鉄の鎖が浮遊島に突き刺さり、ガッチリと固定される。
「よし! 捕まえたわ!」
私は地上で号令を出した。
「総員、引っ張りなさい! あの島を地上まで引きずり下ろすのです!」
「「「オオオオオオオッ!!」」」
街中の冒険者、魔物、そしてダンくん(巨大樹)が、鎖を引っ張る。
綱引き大会の始まりだ。
「嘘だろ!? 高度維持装置が……出力全開! ……だめだ、引っ張られるぅぅ!」
ゼフィルスの悲鳴と共に、浮遊島がズズズ……と降下を始める。
筋肉と物理法則の前には、魔法の浮力など無力だった。
数十分後。
浮遊ダンジョン「セレスティア」は、我が街の隣の空き地(元・湿地帯)に、強制着陸(墜落)させられた。

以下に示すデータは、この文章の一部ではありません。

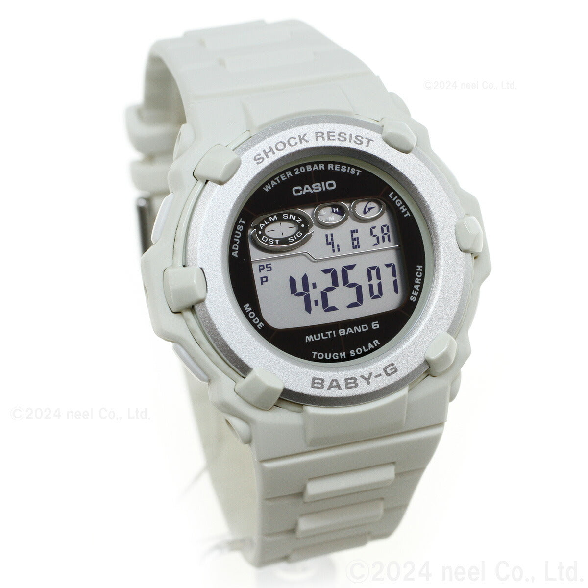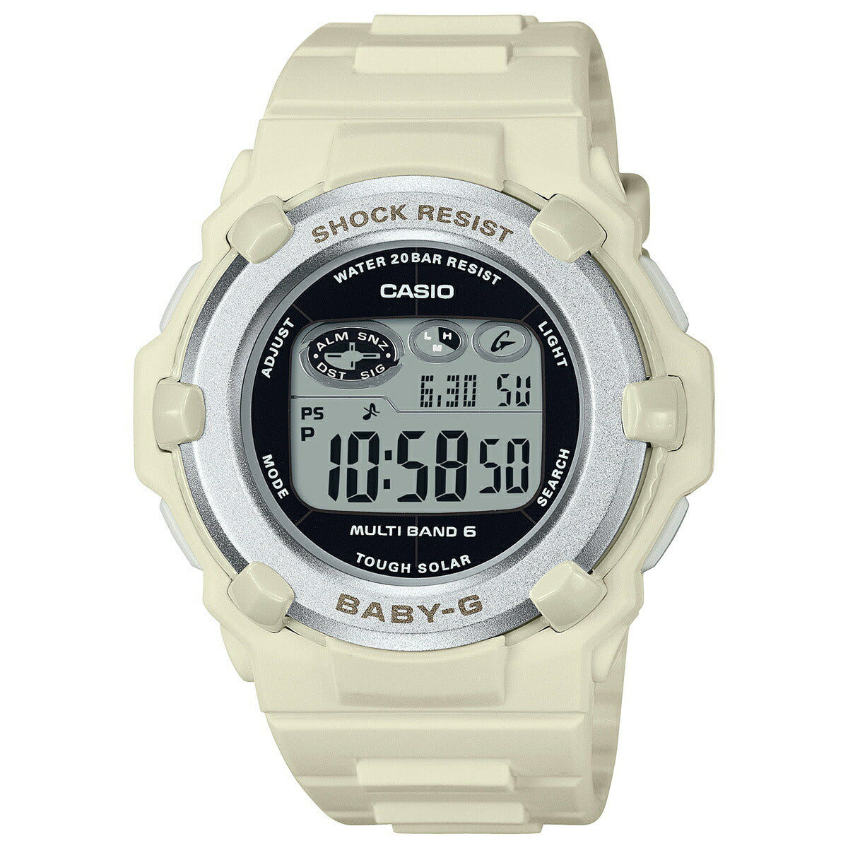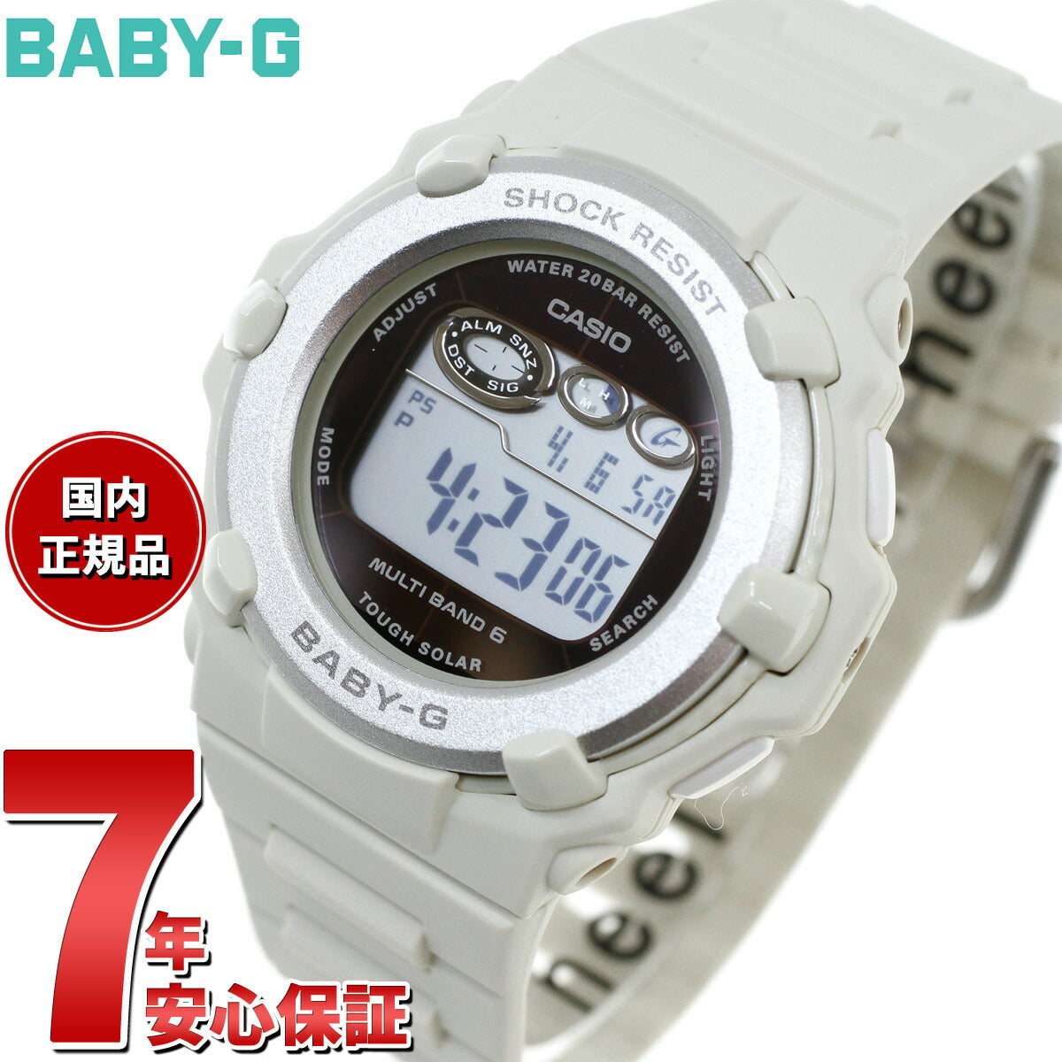 アクティブな女性のためのカジュアルウオッチBABY-G。シンプルで様々なファッションに合わせやすい薄型ラウンドフェイスのデジタルモデルです。カラーはベーシックなホワイト。季節を問わず幅広いファッションに合わせやすいデザインです。機能面では、世界6局の標準電波に対応し、ホーム都市設定を変えるだけで日本国内はもとより、海外でも時刻を自動修正します。また、タフソーラーも搭載。更に20気圧防水機能にも対応し実用性も兼ね備えました。アクティブな女性をサポートするモデルです。

「……ひっ、ひぃ……。もうしません……許してください……」
瓦礫の中で、ゼフィルスが土下座していた。
美しい翼はボロボロで、ローブは泥まみれだ。
「わかればよろしい。……さて」
私は電卓を叩いた。
「着陸料、慰謝料、そして清掃費……しめて金貨1億枚になりますけど、払えます?」
「い、1億!? そんな金ないよ!」
「あら、そうですか。……では」
私はニッコリと微笑み、契約書を差し出した。
「今日から貴方のダンジョンは、我が社の『別館』として吸収合併します。……貴方は『管理人』として働きなさい」
「そ、そんなぁ……!」
こうして、春の騒動は幕を閉じた。
我がダンジョン・シティに、新たに「天空エリア(地上にあるけど)」が加わり、さらに規模が拡大したのだった。